A CSV parser for Rust, with Serde support.
The Unlicense
1.71k stars 219 forks source link

csv::ReaderBuilder::from_reader() moves the file reader. #301

Open ruffianeo opened 1 year ago

ruffianeo commented 1 year ago

Thank you for taking the time to file a bug report. The following describes some guidelines to creating a minimally useful ticket.

Above all else: do not describe your problem, SHOW your problem.

version = "1.2.0"

I have a mixed content scenario in my files:

let mut file_reader = std::io::BufReader::new(f);
  let mut nfields_string = String::new();
  let _ = file_reader
    .read_line(&mut nfields_string)
    .expect("rankings.txt - could not read first line.");
  let mut csv_reader = csv::ReaderBuilder::new()
    .has_headers(false)
    .trim(csv::Trim::Fields)
    .from_reader(file_reader);
  // ... no access to <more-other-stuff> because the file_reader has been moved!
  // ...

This use case is not really supported the way the crate works right now.

The issue also pops up, for example, if you want to dump the remainder of the file into some error log and you use the `Èrror::position()``to seek the file reader and read to end. And given, that I see sporadic csv reader failures in my application (the cvs records are also written with the csv writer of the same crate), it is hard to track down those sporadic failures in a live environment.

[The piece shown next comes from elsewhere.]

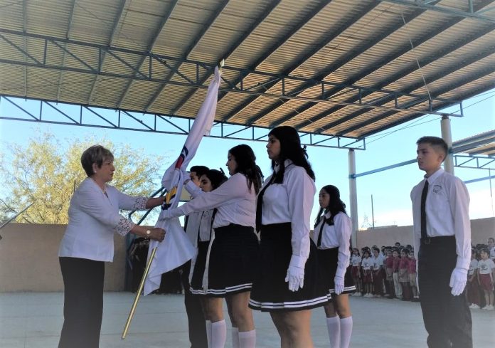 En acto celebrado en la plaza cívica del Instituto México Bilingüe, plantel Pino Payas, en esta ciudad Capital; la titular de la Unidad de Atención y Protección Integral de Niñas, Niños y Adolescentes (SIPINNA), Adela González Moreno; abanderó a este centro educativo, en el marco del programa estatal de abanderamiento de escuelas de nivel básico, el cual tiene como objetivo promover y fomentar, entre las presentes generaciones, la identidad sudcaliforniana.
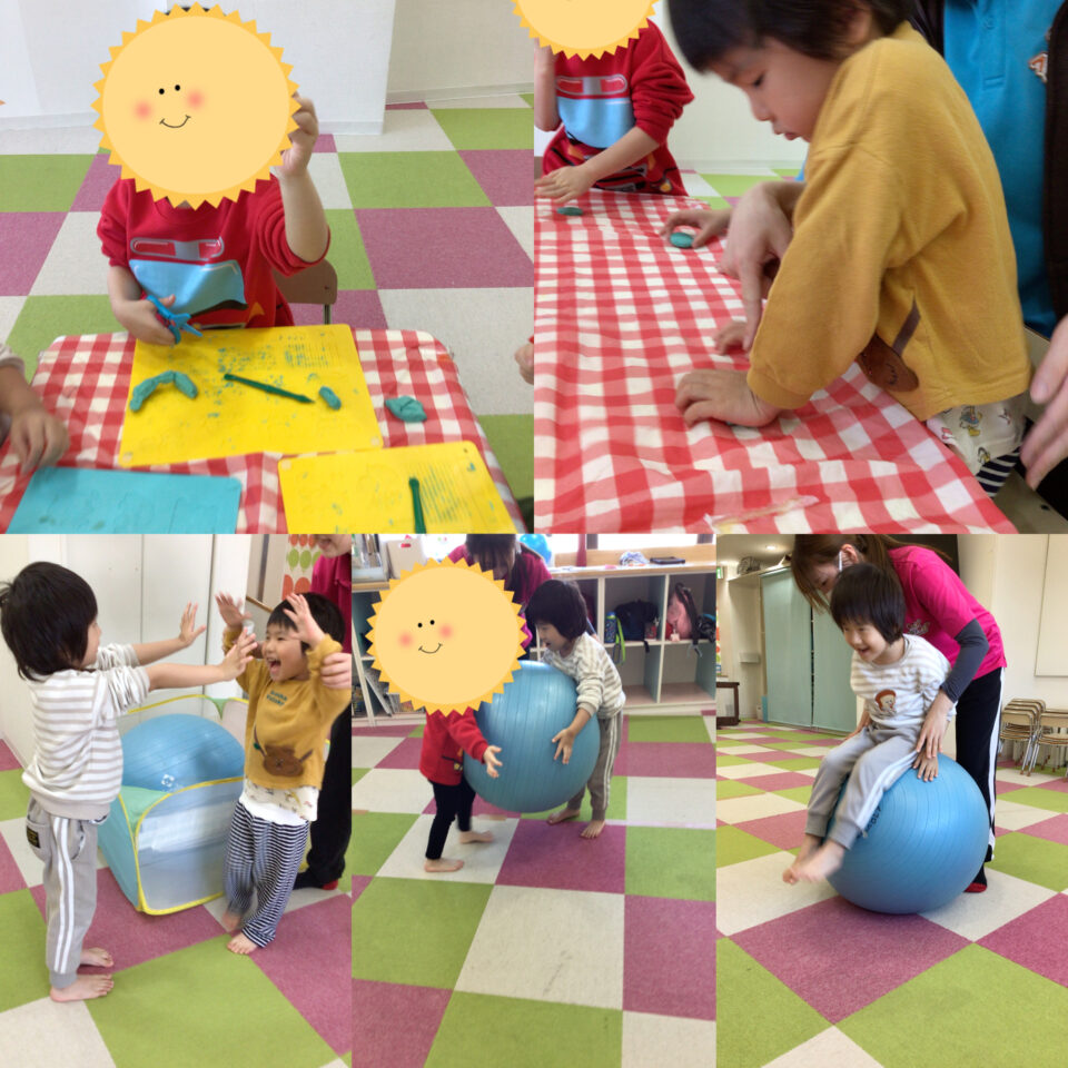 お友だちと行なうことも難しそうな様子が見られましたが、指導員がサポートをしながら最後までバランスボールを運ぶことができました❤運んだ後はタッチをして成功を喜んでいます!

Include a complete program demonstrating a problem.

See above for a snippet, showing the inconvenience. The inconvenience is by design. So a working example of how the file_reader is moved is not really helpful.

What is the expected or desired behavior of the code above?

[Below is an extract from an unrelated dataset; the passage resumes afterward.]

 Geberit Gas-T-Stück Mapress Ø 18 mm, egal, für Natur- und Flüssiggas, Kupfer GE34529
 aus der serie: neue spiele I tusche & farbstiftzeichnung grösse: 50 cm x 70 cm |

The expected behavior is that the from_reader() does not move the file reader. Or that there is an alternative, so mixed file content scenarios are supported better.

BurntSushi commented 1 year ago

I'm not clear what the issue is here. The csv crate does not require ownership of a reader. It only requires something that implements the Read trait. So you can pass &mut rdr instead of rdr for example. And even if you can't do that for some reason, you can use the into_inner API to get the underlying reader back out.

Also, any csv data written by this crate is definitely going to be parseable by this crate too. If you're getting errors, it's likely due to something else.

The mixed content use case is indeed quite tricky, but I think it's inherently tricky unless you roll your own parser. For example, it might be simpler to use the csv-core crate instead.

ruffianeo commented 1 year ago

Yes, I apologize. Using &mut file_reader actually works. Not the brightest of days I had when I wrote this issue... As for my sporadic corruptions: When the new version of the file got shorter than the previous one, the corruption showed up, because I have to call .truncate(true) on the file I overwrite, too..